Why Family Healthcare Is Important.
Family healthcare is a form of primary healthcare that’s made easily assessable, and available within every stratum of the community at a cheap cost.
The Family health clinic via health care professionals provides holistic, complete, and compassionate care for you and every member of your family, including men and women, newborns, children, and the elderly.
There are some components of family healthcare, even as it is a branch under primary health, and thus, it also fulfills the principles of primary health care.
What Is Primary Health Care?
To help people to make healthy lifestyle choices for them and their family with information for every stage of their lives, primary healthcare was developed. It is the first level of contact for individuals, their family, and their community with the national health system and is responsible for addressing the main health problems found in the community, providing health promotion, and also preventive, curative, and rehabilitative services.
What Does Family Healthcare Entail?
In 1980, the US Bureau of Census-defined the family as a ‘’group of two or more persons related by birth, marriage, or adoption and residing together in a household”.
Hence, ‘’a state of positive interaction between family members which enable each member of the family to enjoy optimum physical, mental, social and spiritual well-being.” Is known and understood as Family Healthcare.
The family functions in the following ways, some of which overlap with one another:
- Socialization amongst family members.
- Fulfilling sexual needs and desires.
- Taking care of dependent members.
- Providing emotional support for members.
- Alleviating economic stability.
- Satisfaction of all social, intellectual, emotional, and psychological needs of members.
What Are The Determinants Of Family Health Care?
The Houston Methodist Primary Care Physicians group advocates greatly for family healthcare. The family health care clinic in Houston, 77042 and headed by Dr. Smitha Mantha, suggests that the following are the determinants of family health care.
They are:
- Living and working conditions
- Physical environment,
- Psycho-social environment
- Education and economic factors
- health practices
- Cultural factors
- Gender etc.
Components Of Family Health Care.
The components of family health or its scope are discussed in brief below:
1. Problems faced by family: Family health attends to the issues of broken homes, drug abuse, juvenile delinquency, disability and rehabilitation, unmarried mothers, teenage pregnancy all of which stem from peer pressure of irresponsible parenting.

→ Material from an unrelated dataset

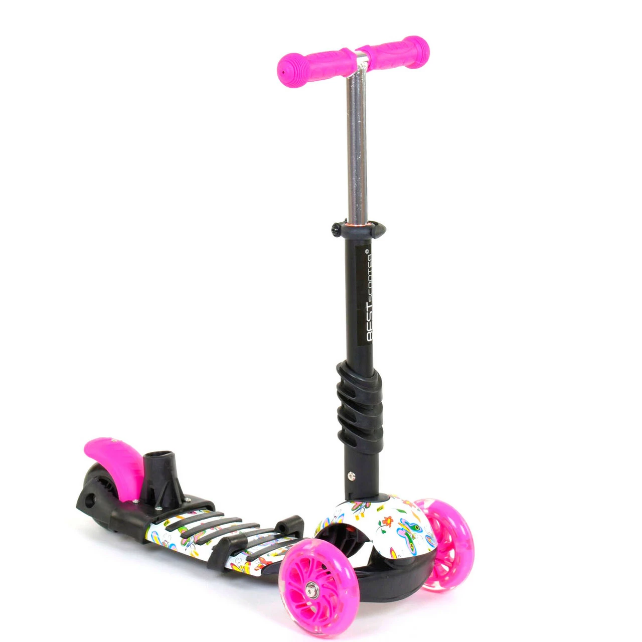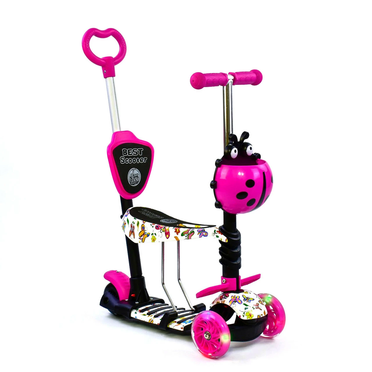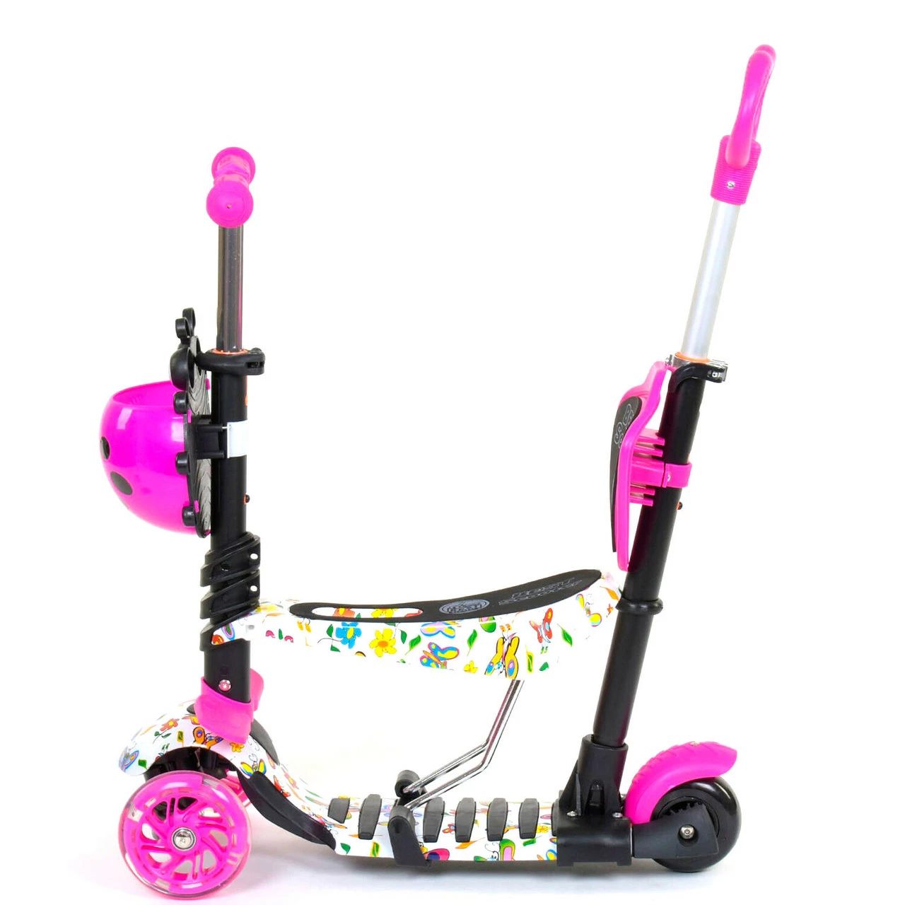 Самокат 5 в 1 Scooter со световым эффектом Бело-розовый 6900066317149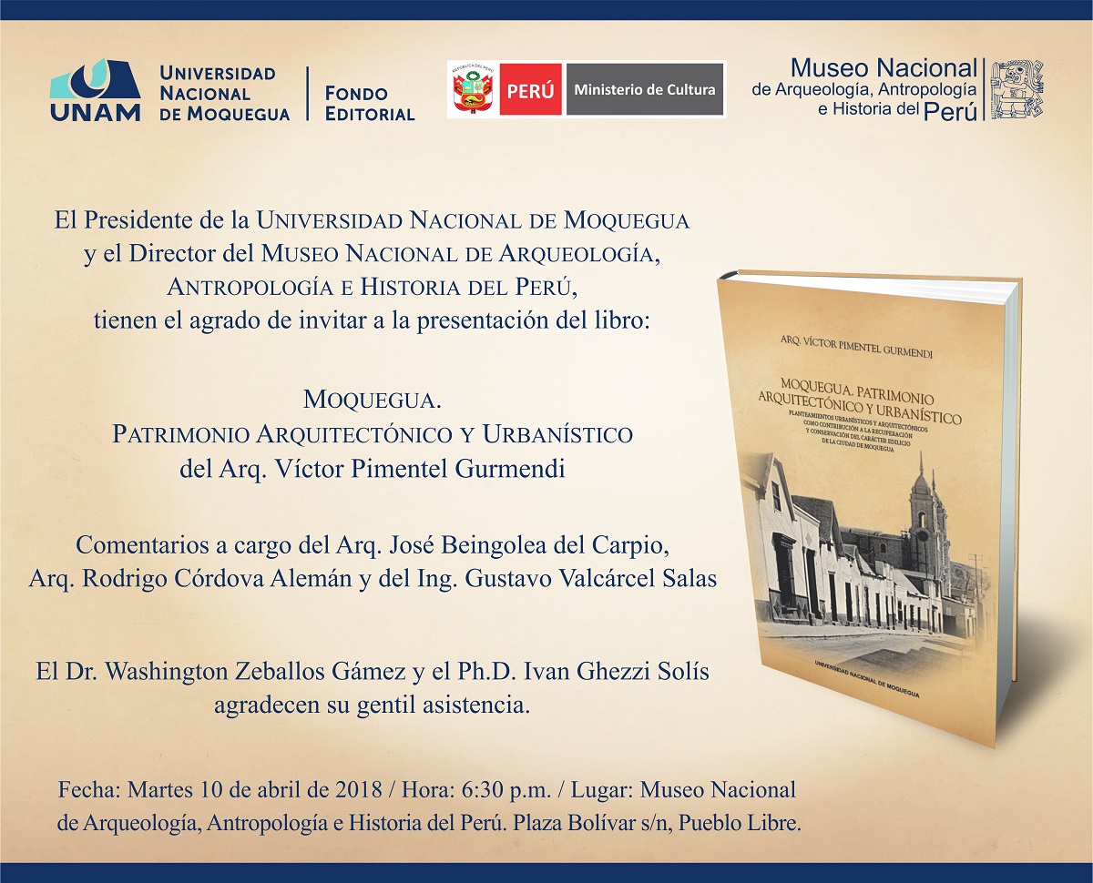 El Museo Nacional de Arqueología, Antropología e Historia del Perú será escenario de la presentación del libro Moquegua. Patrimonio Arquitectónico y Urbanístico del Arquitecto Víctor Pimentel Gurmendi.

2. Reproductive health: Reproductive health is an important component of Primary HealthCare and also Family Health. It attends to the following:
- Safe motherhood, ANC, delivery care, PNC, Family planning, Nutritional deficiencies, LBW
- STIs/RTIs/HIV/AIDS, legal abortion, infertility services,
- Adolescent health (suicide, depression, STIs)
3. Child health: Especially in third war or low-income countries, there’s much emphasis on the management of the child and his/her health. This includes and is not limited to:
- Childbearing, rearing,
- Child health services: nutrition, immunization, growth monitoring
- Mortality and mortality of children
- Social problems of children: That is, Child abuse, Abandoned or street children, Child labor, Juvenile delinquency, and battered baby syndrome.
4. Gender issues in the family: Gender issues are another important factor under family health care. This is because cases of Girl’s trafficking, Gender mainstreaming, Female Genital Mutilation (FGM), female feticide (sex-selective abortion), have skyrocketed in recent times at a very alarming rate.
5. Aging: Problems of aging, active aging which brings with it chronic systemic diseases like hypertension, diabetes mellitus, chronic kidney disease, breast cancer, prostate cancer, etc.
Importance And Benefits Of Family Health Care.
Advances in medicine have made people become more able to have an increased exact understanding of the conditions our relatives have or had, and by carefully assessing and archiving that information, we are better able to understand our relative susceptibility to these conditions.
Visiting the doctor for the first time, and you’d be asked to give a history of your medical problems, the history of medical problems in close family members even as well as those that may have been present in distant relatives going back two generations at least.
This way, thus helps us to be able to prevent or intervene early upon certain conditions that otherwise would interfere with the quality of life. Small symptoms which may otherwise have been overlooked can paint an entirely different picture when your health care provider already knows what to look for, thanks to the mapping of family history provided upon your initial consult.